Бывает так: ранним холодным утром на губах соль, как щедрый дар от раскинувшегося у подножья горы моря; вместо глаз — щели, рождённые попытками непогоды проникнуть внутрь меня; мрак, отступающий с чудовищной неохотой; последние звёзды на небосводе и чувство, скребущееся внутри, навязчивой тупой болью напоминающее — ты жив!
Во время последнего лунного затмения, когда забытый богами луч, пометавшись, наконец, вырвался из нашего мира и растаял в глубине обморочного неба, я стоял на пороге дома и, пытаясь усмирить накатывающую на моё сердце влагу, ждал. Ждал, когда отсутствие света окончательно поглотит меня, дабы убедиться самому — всё существует, покуда я есть, и всё исчезнет, когда меня не станет. Время останавливалось всякий раз, когда я прислушивался к себе, и вновь ускорялось, если я забывал себя.
В благодати одиночества я виню себя той неутолённой виной, что не смог, возможно, не захотел, возможно, отверг, возможно, не сделал невозможного и не отшвырнул от себя то, что присуще человеку и делает его человеком — лицемерную маску покоя небожителя, смиренно ложащуюся на ещё младенческое лицо, врастающую в его нежную кожу с самых первых дней.
Что находится под ней? Кровоточащее месиво распадающейся плоти; ручьи мысленного ужаса и содрогание грохочущего пульса, проходящего волнами по всему телу; непрекращающийся кошмар неразделённого ни с кем осознания происходящего; мучительную дрожь вечно агонизирующего в груди сердца; своё имя, застрявшее между гнилью зубов.
Что дальше? Этого не знает никто. Хотя, возможно, именно вы и знаете.
Снимите свою маску!

 

 

 

 

 


Скорбь.

У одной коровы было три уха. Иногда случалось, что от летней жары два из них опадали, подобно увядшим листьям лопуха, и, уныло свисая по сторонам, мешали слушать корове всю полноту творящейся вокруг неё жизни. Зато третье ухо у неё было сильным, стойким, и особенным!
На крыльце своего дома, рядом с коровой, обернув цветастым платком сморщенное лицо, подолгу сидела, шевеля губами и смотря вдаль подслеповатыми глазами, старуха.
Корова обладала меланхоличным характером и на соседствующую рядом с ней женщину внимания практически не обращала, предпочитая лениво размышлять в полуденной тишине о своей особенной доле.
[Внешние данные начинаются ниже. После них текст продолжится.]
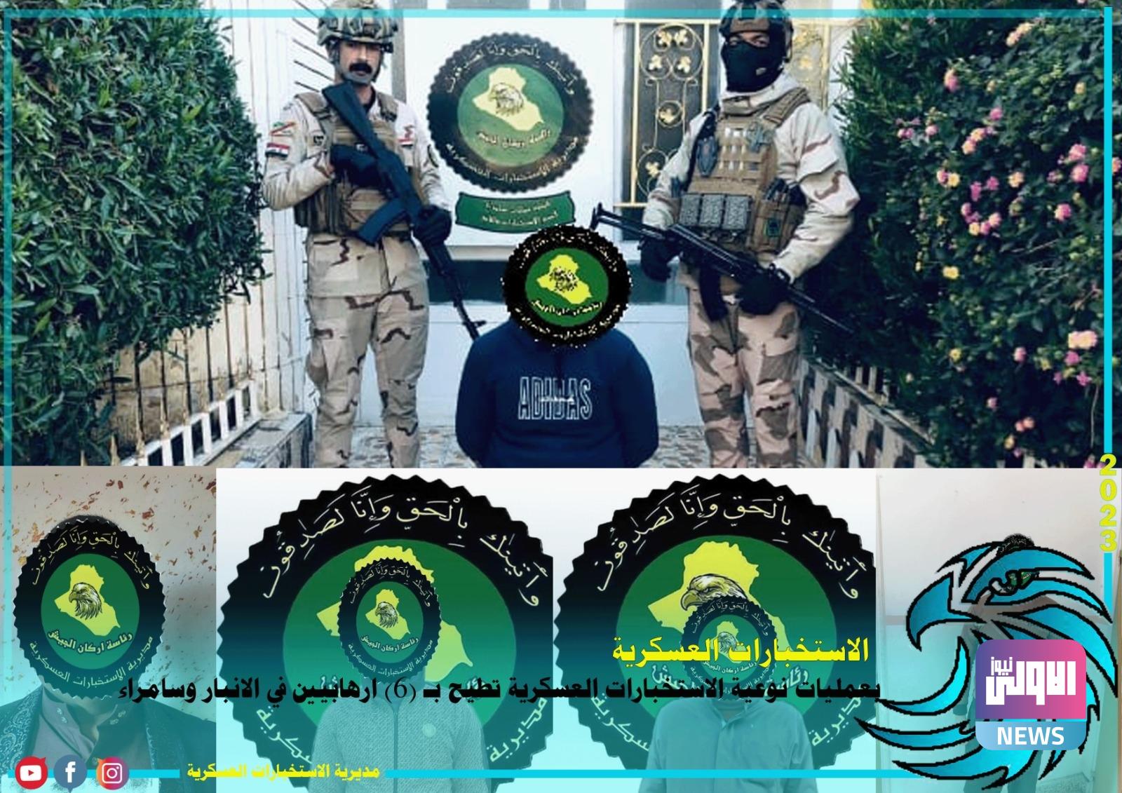 أعلنت مديرية الاستخبارات العسكرية التابعة لوزارة الدفاع، اليوم الثلاثاء، الإطاحة بستة إرهابيين في الأنبار وسامراء.
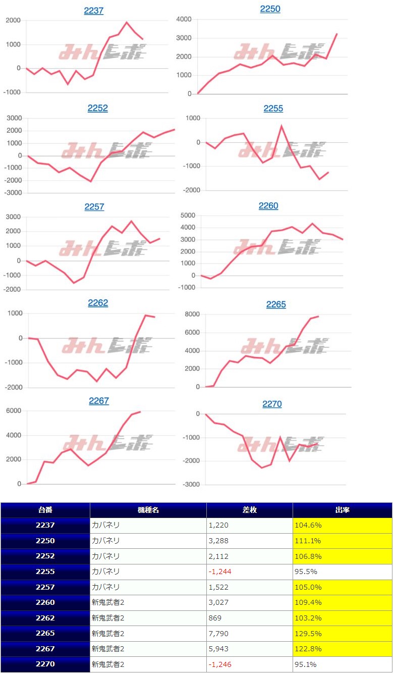 全体の結果としては【平均差枚 +1,989枚、出玉率 109.8%、差玉プラスの割合 82%(32/39台)】と優秀な結果となっていました。
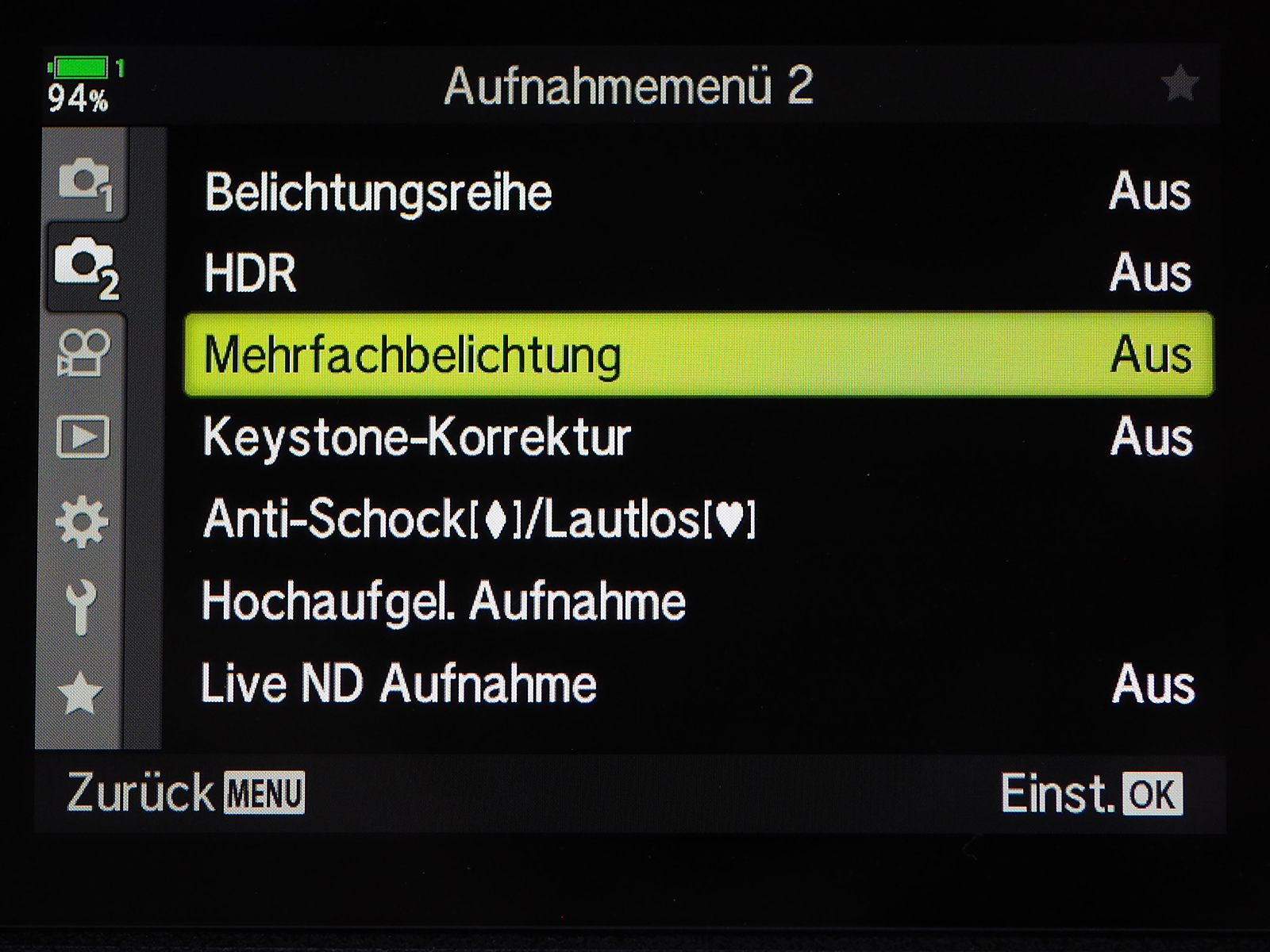 50-MPix-Aufnahmen mit dem 20-MPix-Sensor sind tatsächlich möglich. Dazu werden bis zu 16 Aufnahmen gemacht. Bei 8 Bildern wird der Sensor zwischen den Aufnahmen um eine Winzigkeit horizontal und vertikal bewegt, dann werden weitere Aufnahmen mit fest stehendem Sensor gemacht, um die Bewegung der Kamera zu analysieren und entsprechende Unschärfen aus dem Bild zu rechnen. Der zweite HiRes-Modus macht Aufnahmen mit 80 MPix (den technischen Daten zufolge nur im RAW-Modus) möglich. Hier kommt nur der Sensor-Verschub zum Einsatz und ein Stativ ist Pflicht.
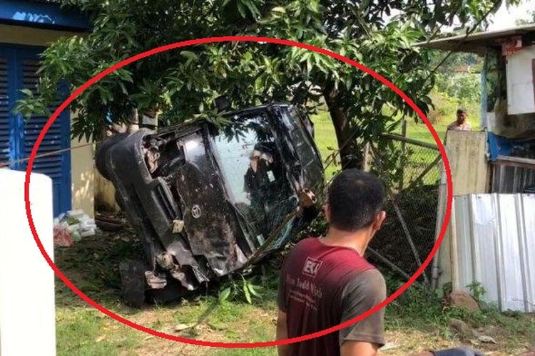 Daihatsu Gran Max terbang dan mendarat posisi nyaris terguling di antara rumah irigasi dan pohon akibat sopir lihat sekelebat orang lalu hilang
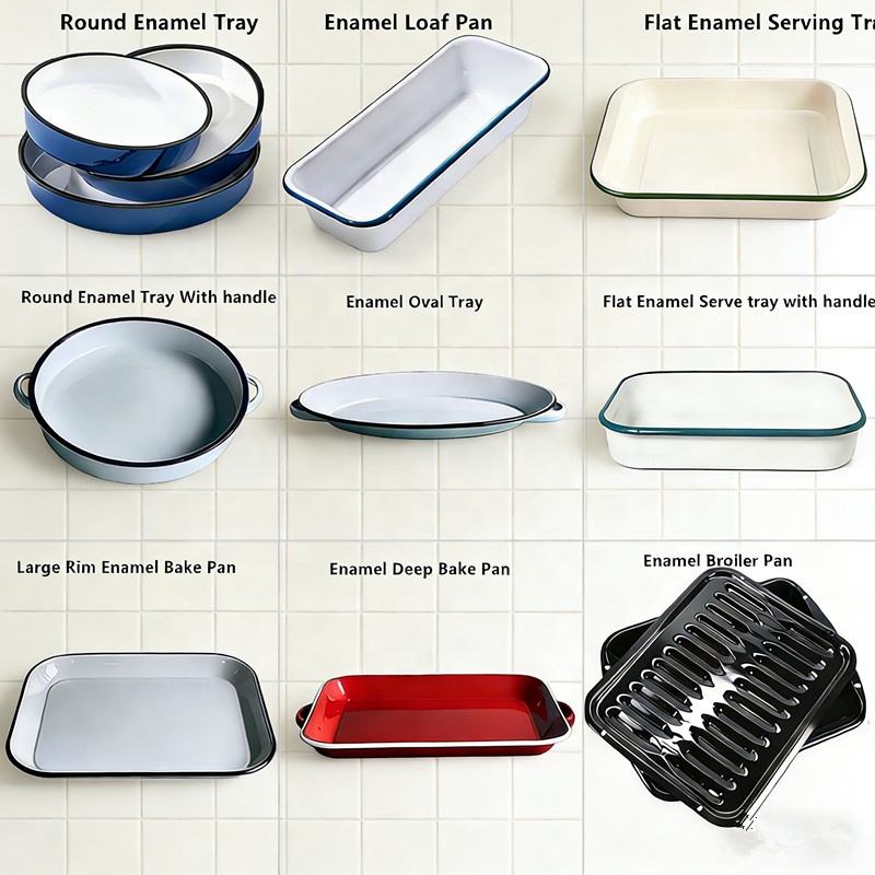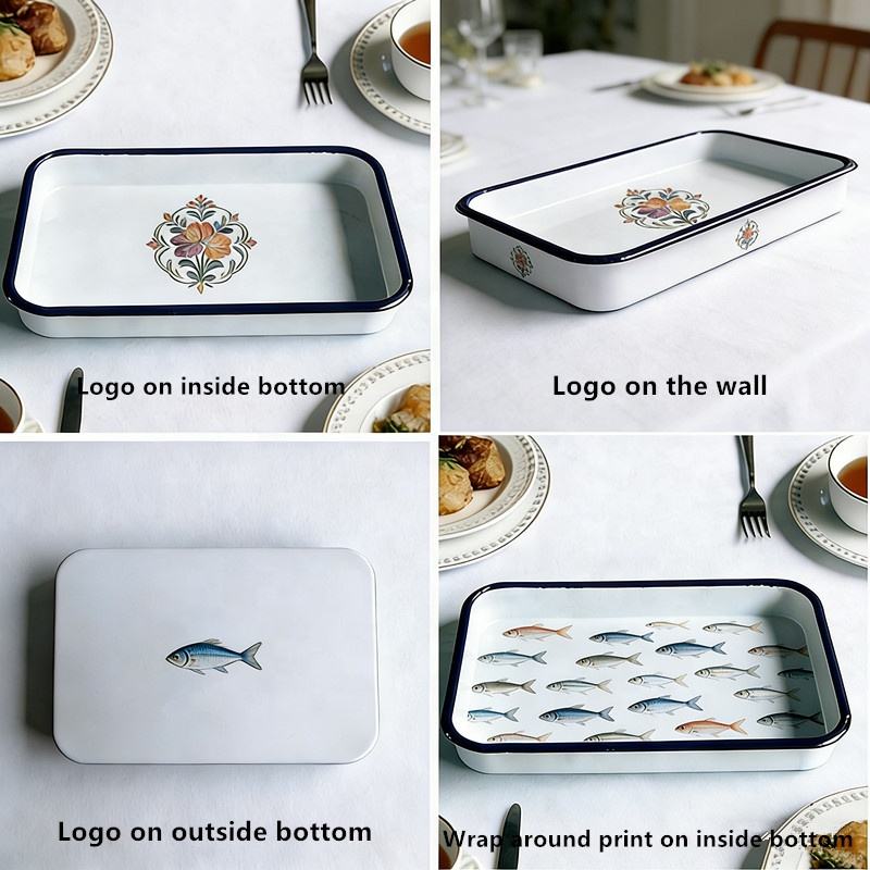 ถาดอบเคลือบสีเขียวขนาดเล็ก ผลิตตามสั่ง ราคาถูก โลโก้สีสันสดใส ผลิตในไทย ทำจากเหล็กกล้าคาร์บอน ปลอดสาร BPA ใช้กับเครื่องล้างจานได้
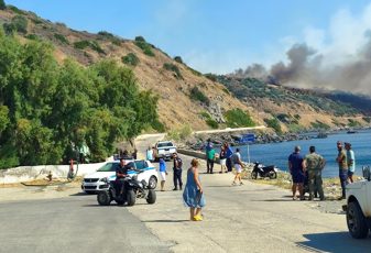 Στο σημείο επιχειρούν 18 πυροσβέστες με 5 οχήματα και ειδικό βραχιονοφόρο όχημα.

Третье ухо, которое у неё находилось между двумя другими, прямо надо лбом, было крайне чутким инструментом, улавливающим даже самые слабые звуки.
Так, сегодня утром она явно слышала тихое биение старухиного сердца, сквозь которое пробивались слова утешения, обращённые к себе самой и исполненные горечью воспоминаний о давно утраченной молодости, когда она, стройная и быстроногая, бегала наперегонки с подружками, убегая от мнимой угрозы догоняющих их парней. «Было, было дело!» — вскрикивало её уставшее от жизни сердце.
Корова, не до конца понимая этих волнений, жевала растущую повсюду сочную траву и время от времени поглядывала на старуху своим коровьим мягким взглядом.
Проходившие мимо крестьяне время от времени останавливались возле их дома, чтобы обронить как бы невзначай в коровье ухо два-три слова, идущие из потаённых глубин своих душ и от этого очень ценных. а затем спешили прочь по своим неотложным делам.
Но корова, очевидно, не осознавала всей ценности услышанных ею откровений, иначе могла ли бы она оставаться к ним столь равнодушной?
Ведь были это в основном мольбы, наполненные горькими сожалениями о том, как не сумели они вовремя сделать великих дел и от того недополучили в жизни своей многих благ.
И каждый раз, проходя сквозь её ухо, тихие и настойчивые людские голоса творили лёгкую брешь в её собственном сердце. До этих пор, не имея сожаления о судьбе своей и не задумываясь над течением собственных дней, живя по инерции, она вдруг стала приобретать некую чувственность и затаённую силу, накапливаемую от всех тревог неисполненных людских желаний, протекающих сквозь неё, как собственных.
Шли дни, и корова всё чаще становилась задумчивой, с тревогой прислушиваясь к родному сердцу и недоумённо качая головой в такт его глухому биению, начавшему теперь внимательно отзываться на услышанные ею слова.
А иногда будто электрический ток пробегал у неё где-то внутри тела, сотрясая его и затем продолжая болезненно отзываться дрожью в течение всего дня. И она, таким образом, становилась всё более чуткой и восприимчивой к чужой боли.
Прошло совсем немного времени, возможно, месяц или два, когда из коровы стало проглядывать существо иной природы. Внешне она почти не изменилась, возможно, только крупные челюсти стали двигаться более энергично да взгляд потерял прежнюю отрешенность став цепким, живо интересующимся всем вокруг. Да необыкновенное третье ухо её, уменьшившись, стало совсем крошечным, словно подчёркивая этим свою малую внешнюю значимость.
Теперь в скрытом от глаз месте, в тишине коровьей души и ровном движении её сердца воцарился новый порядок — боль, накопленная от многих проходящих мимо людей и осев на стенках её собственного внутреннего мира, всё чаще пробуждала в ней до того незнакомую, но сейчас уже ставшую привычной скорбь, шедшую от воспалённых печалью чужих душ, чьи тела в обиде на свою постепенно убывающую жизнь могли лишь слабо восклицать о своих зря прожитых днях.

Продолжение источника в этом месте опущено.